* _YOUR INSTRUCTIONS_
Print the listing below exactly, images excluded.

* _THE DATA_
☆ ☆ ☆ ☆ ☆ ☆ ☆
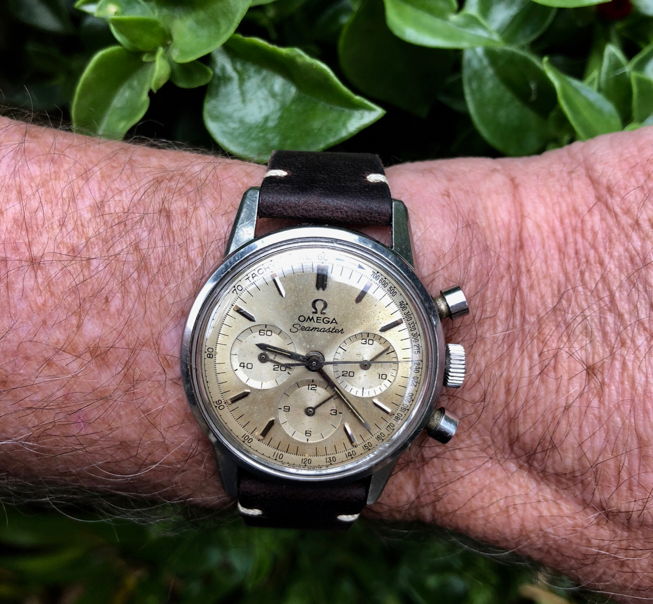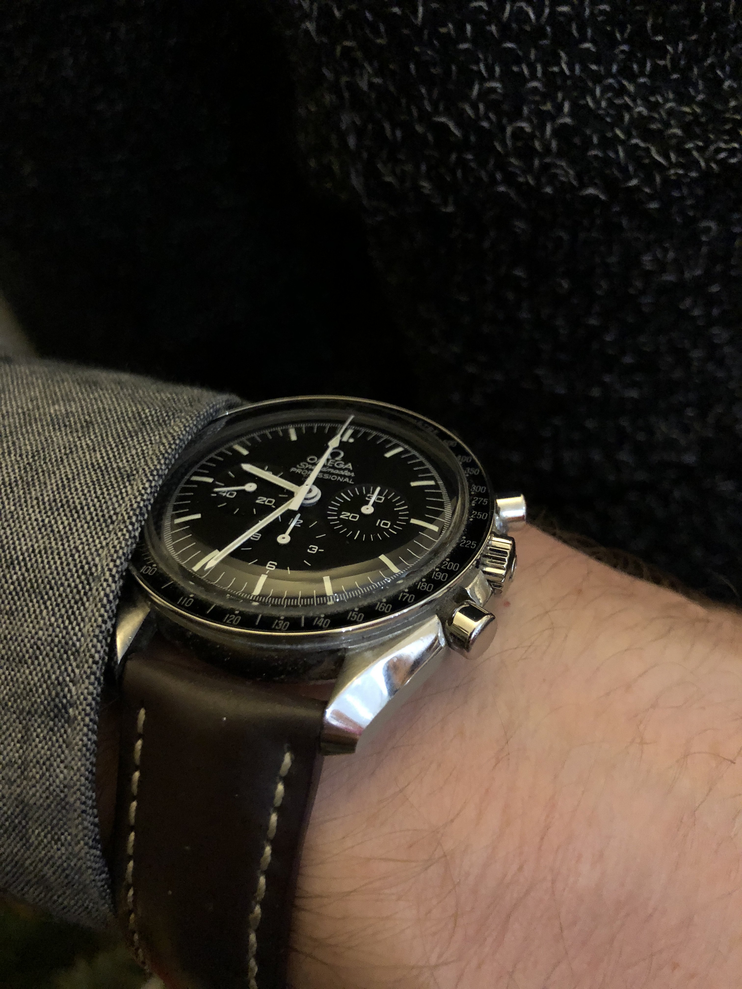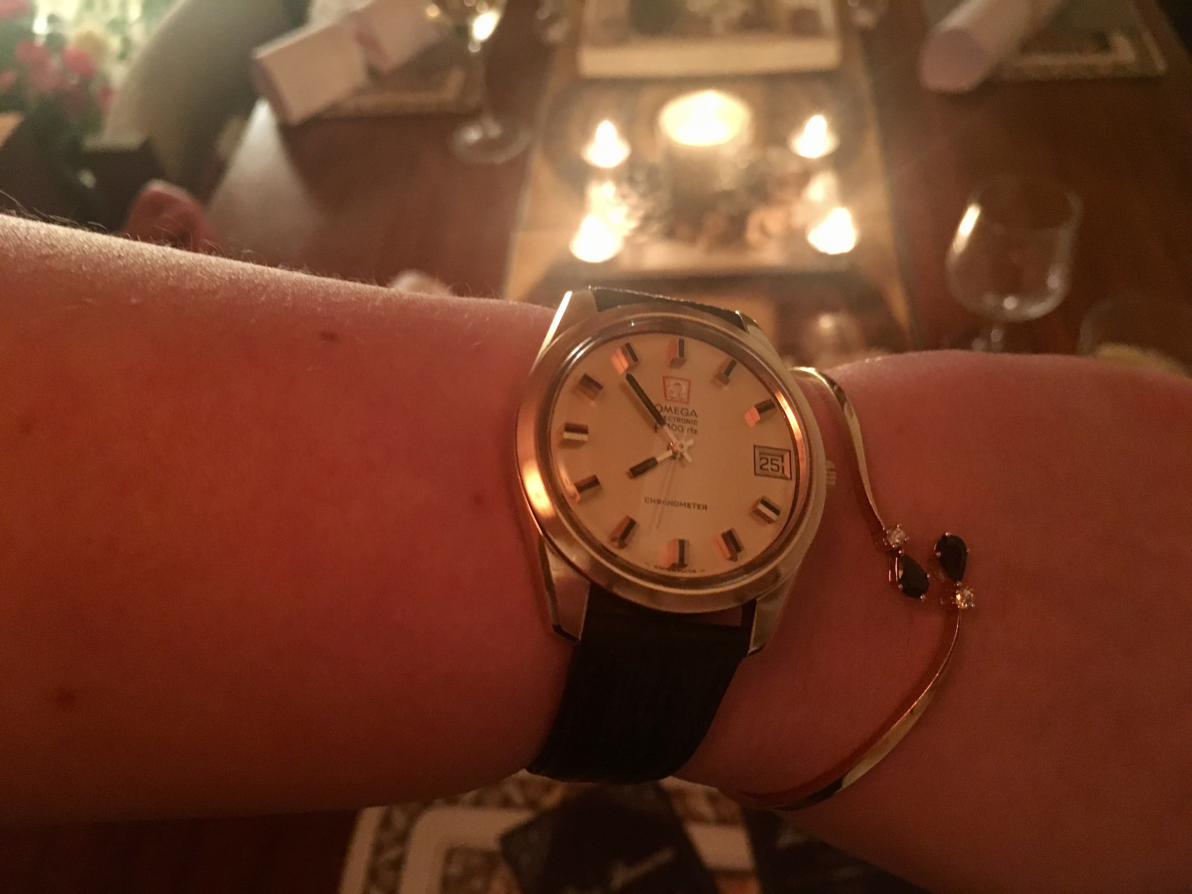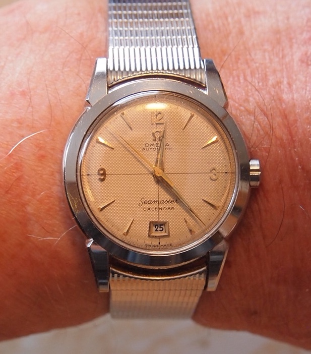 Christmas Day. Still on my wrist as I had it planned on December 23. Many feet of snow outside, so to an indoor shot. My 65 (approx.) year old Omega Seamaster caliber 355, date at 6:00. Case, crystal, crown, all NOS Omega. Dial is pristine original. Hadn’t seen the light of day for over 40 years, when I happened upon it in a box of 50s vintage Omega parts watches. Happy days.
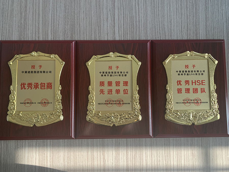 本項目作為2021年大型LNG儲罐項目,雖然受年初新冠疫情以及原材料供應方面問題的影響,我公司從項目籌備、項目防疫工作、人員籌備、設備組織管理、原材料的調研采購、質量管控、安全管控及后勤管控等方面,全面從嚴,科學管理,精心組織實施,確保了本項目樁基施工的高效、質優、安全完成。在建設期間,未發生安全與質量事故,園滿完成施工任務,達到安全與質量管理目標,且獲得總包方、監理方和建設方的一致認可。建設方和總包方聯合為我公司頒發了“優秀承包商”、“質量管理先進單位”和“優秀HSE管理團隊”的榮譽稱號。
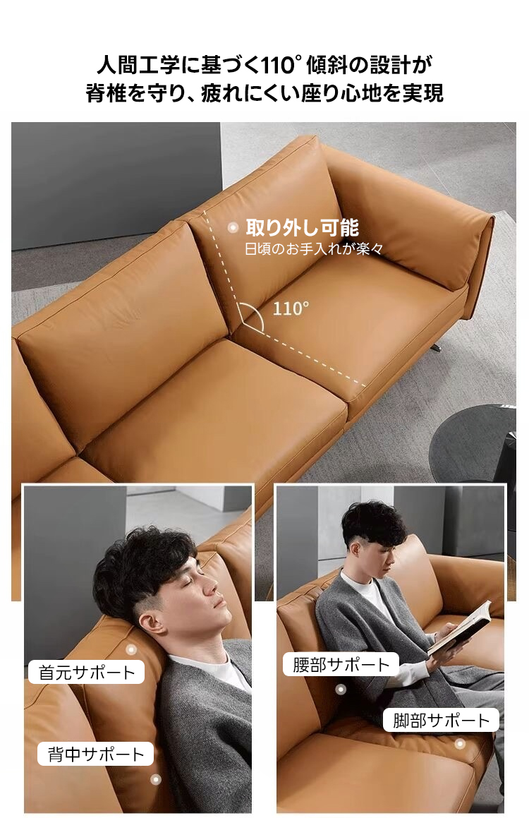 - 【スタイリッシュなデザインと快適な座り心地】イタリアンモダンデザインソファは、リビングをスタイリッシュに演出するための理想的な選択です。110°の傾斜設計により、背骨をサポートし、長時間座っても疲れにくい快適な座り心地を提供します。
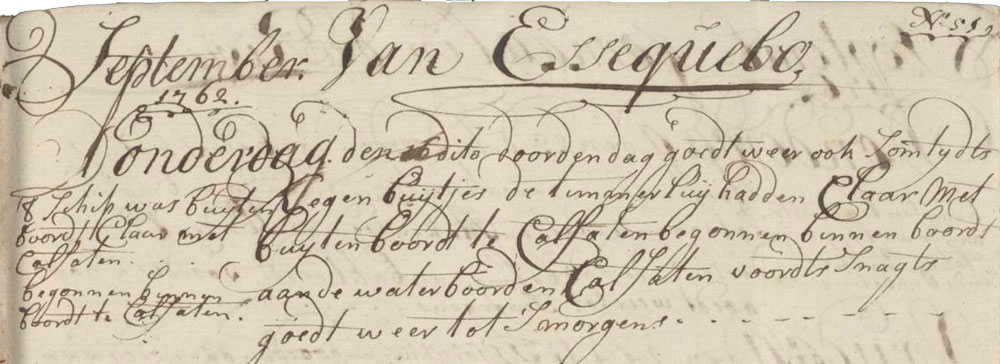 Caribbean 16 September 1762 Essequibo, Guyana First mate’s logbook We had good weather throughout the day, also with some rain. The carpenters finished caulking the outside and began to caulk inside on the in-wales. We had good weather throughout the night, till morning. Logbook Tags crewcarpenter
☆ ☆ ☆ ☆ ☆ ☆ ☆
* _TASK SOLUTION_
 Christmas Day. Still on my wrist as I had it planned on December 23. Many feet of snow outside, so to an indoor shot. My 65 (approx.) year old Omega Seamaster caliber 355, date at 6:00. Case, crystal, crown, all NOS Omega. Dial is pristine original. Hadn’t seen the light of day for over 40 years, when I happened upon it in a box of 50s vintage Omega parts watches. Happy days.
 本項目作為2021年大型LNG儲罐項目,雖然受年初新冠疫情以及原材料供應方面問題的影響,我公司從項目籌備、項目防疫工作、人員籌備、設備組織管理、原材料的調研采購、質量管控、安全管控及后勤管控等方面,全面從嚴,科學管理,精心組織實施,確保了本項目樁基施工的高效、質優、安全完成。在建設期間,未發生安全與質量事故,園滿完成施工任務,達到安全與質量管理目標,且獲得總包方、監理方和建設方的一致認可。建設方和總包方聯合為我公司頒發了“優秀承包商”、“質量管理先進單位”和“優秀HSE管理團隊”的榮譽稱號。
 - 【スタイリッシュなデザインと快適な座り心地】イタリアンモダンデザインソファは、リビングをスタイリッシュに演出するための理想的な選択です。110°の傾斜設計により、背骨をサポートし、長時間座っても疲れにくい快適な座り心地を提供します。
 Caribbean 16 September 1762 Essequibo, Guyana First mate’s logbook We had good weather throughout the day, also with some rain. The carpenters finished caulking the outside and began to caulk inside on the in-wales. We had good weather throughout the night, till morning. Logbook Tags crewcarpenter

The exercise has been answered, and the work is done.